Note: COPIED from https://leimao.github.io/blog/MaxPoolingBackpropagation/
Introduction
I have once come up with a question “how do we do back propagation through maxpooling layer?”. The short answer is “there is no gradient with respect to nonmaximum values”.
Proof
Maxpooling is defined as
\[y = \max(x_1, x_2, \cdots, x_n)\]where $y$ is the output and $x_i$ is the value of the neuron.
Alternatively, we could consider maxpooling layer as an affine layer without bias terms. The weight matrix in this affine layer is not trainable though.

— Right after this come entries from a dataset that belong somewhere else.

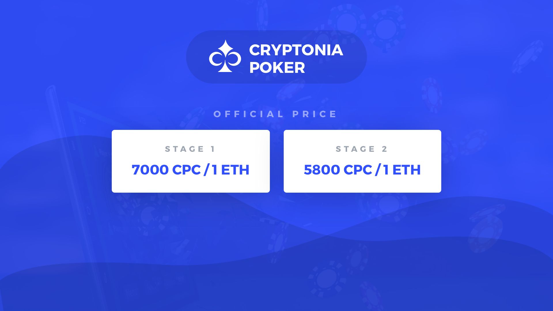 The three stage ICO will initially see the Ethereum-based poker-room offer 1/5th of its total tokens at a price of 1ETH for 11,000 CPC (the in-game currency) allowing them to further their ambitious plans for tournaments round-the-clock, as well as a 35% rakeback scheme.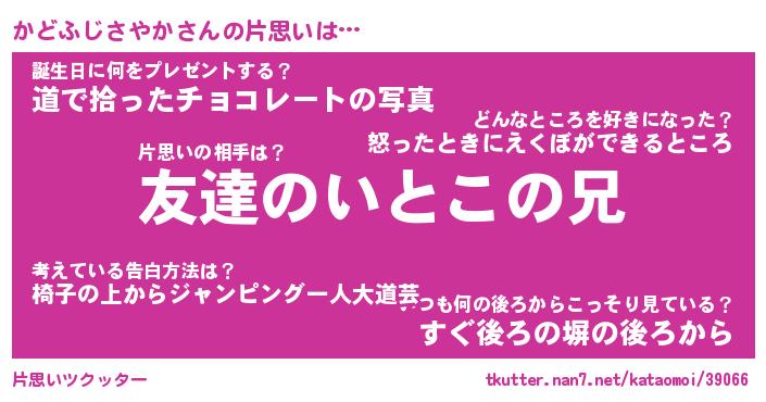 | 男性向けラノベタイトル風あだ名 | 『カドフジサヤカアートオンライン』 |
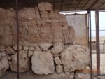 The metal pole used for the covering sistem has been folded, and pushes now against the top of the wall causing new cracks (September 2010, S. Ermidoro)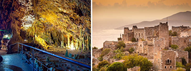 Vi gør holdt i flere idylliske kystlandsbyer og frokosten kan man spise i Manis hovedby Aerópolis hvor der er flere gode restauranter. Petros Mavromichalis fra Aerópolis startede opstanden mod tyrkerne (Osmanerne), og deres besættelse, og startede dermed uafhængighedskrigen. På det centrale torv kan du se en statue af samme.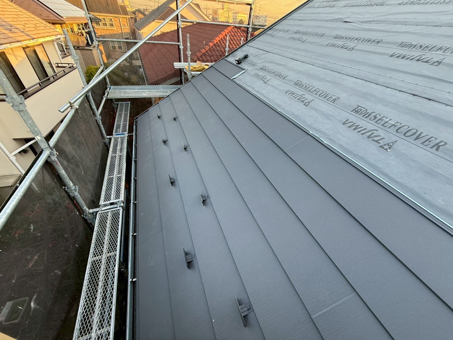 | 屋根材:アイジー工業/スーパーガルテクト(色・シェイドチャコール) ルーフィングシート:田島ルーフィング/タディスセルフカバー 貫板:ガルバリウム鋼板 シーリング材:オート化学工業/オートンイクシード |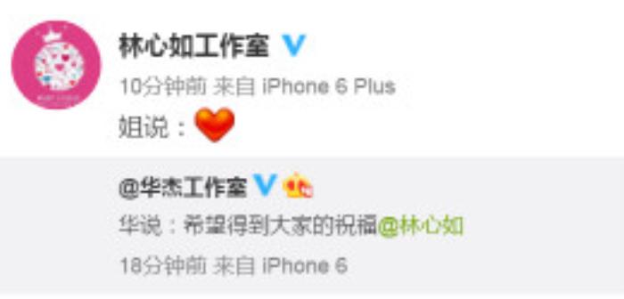 2016年5月20日霍建华工作室发出微博认爱,"华说:希望得到大家的祝福"并@林心如,随后林心如工作室回复了一个爱心。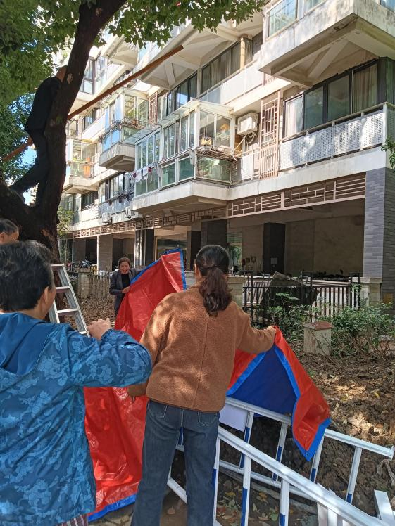 11月13日天气转晴,网格员始终将居民诉求放在心上,再次前往郑阿姨家楼下开展精细化排查。凭借长期积累的区域环境熟悉度,最终在一棵枝繁叶茂的大树高枝处发现目标物品。网格员立即拍摄照片与郑阿姨核对,经确认正是其遗失的蚕丝被。为安全取回物品,网格员迅速联系物业经理协调工作人员携带工具到场,通过网格与物业的联动协作,成功将悬挂于离地约6米高枝上的蚕丝被安全取下。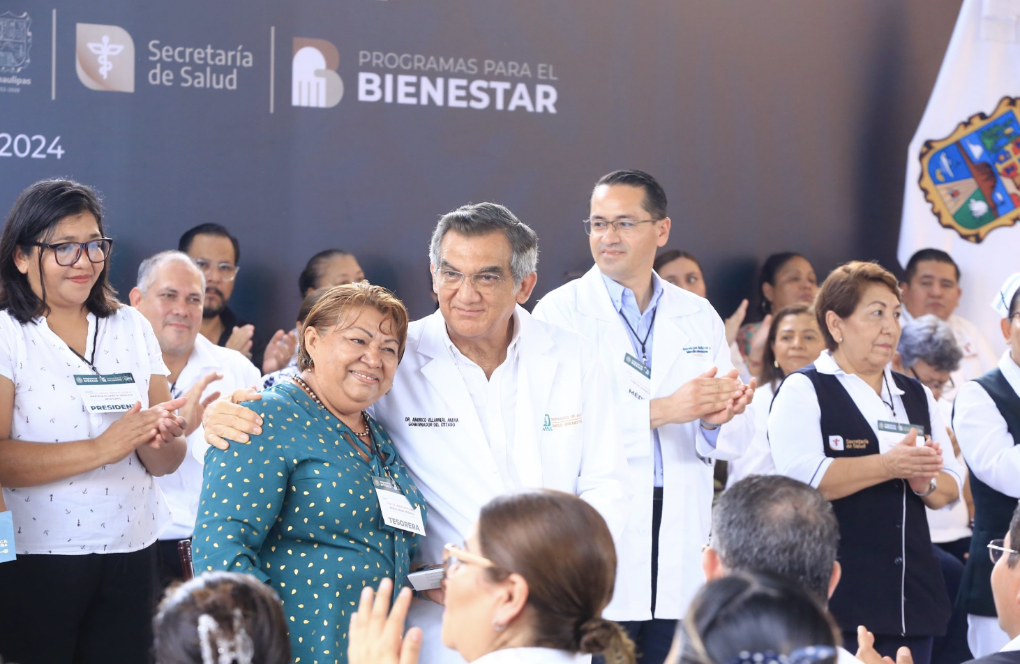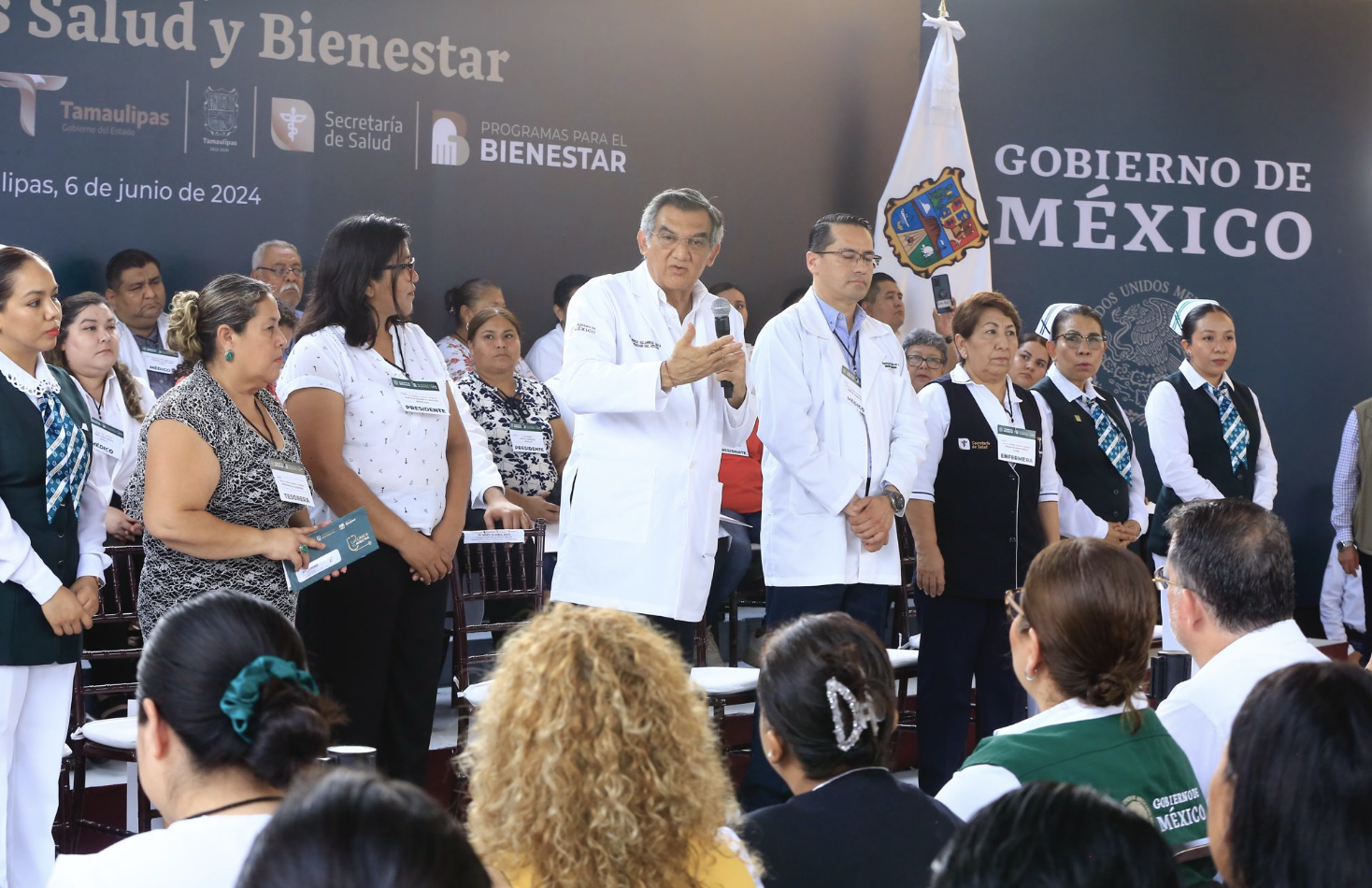 Ciudad Victoria, Tamaulipas (6 de junio de 2024).- “En Tamaulipas tenemos la bata bien puesta, todos sumados y comprometidos con el presidente Andrés Manuel López Obrador y con el nuevo modelo de atención a la salud IMSS-Bienestar, para garantizar el servicio médico en forma gratuita a la población sin seguridad social, considerando esto como un derecho humano”, expresó el gobernador Américo Villarreal Anaya.
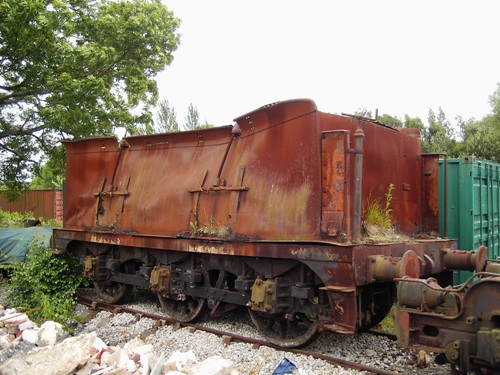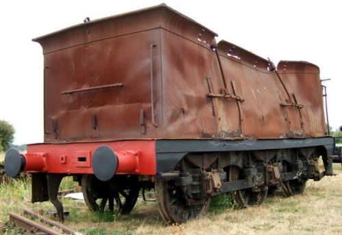 Purchased by the GCR 567 Locomotive Group in 2011 from the previous owner who had bought it for preservation about 20 years previously. Built originally for the Railway Operating Department (ROD) during World War One for use with their standard 2-8-0 based on the GCR Robinson 8K class. Later passed to the LMS (either directly from the War Department or via the LNWR) who converted it to a sludge carrier. It will be rebuilt with a 3080 gallon shaped tank to run with the new build GCR class 2 (LNER class D7) 4-4-0 that is being planned at present. It is highly likely that this tender was never fitted with a water scoop. |

Concretely, for the output $y$ after maxpooling, we have
\[y = \sum_{i=1}^{n} w_i x_i\]where
\[w_i = \begin{cases} 1 & \text{if } x_i = \max(x_1, x_2, \cdots, x_n) \\ 0 & \text{otherwise} \end{cases}\]The gradient to each neuron is
\[\begin{aligned} \frac{\partial y}{\partial x_i} &= w_i \\ &= \begin{cases} 1 & \text{if } x_i = \max(x_1, x_2, \cdots, x_n) \\ 0 & \text{otherwise} \end{cases} \end{aligned}\]This simply means that the gradient to the neuron is $1$ for the neuron with the maximum value. The gradients for all the other neurons are $0$. The neurons whose gradients are $0$ do not contribute to the gradients in the earlier neurons due to the chain rule.
Conclusions
To sum up, there is no gradient with respect to nonmaximum values.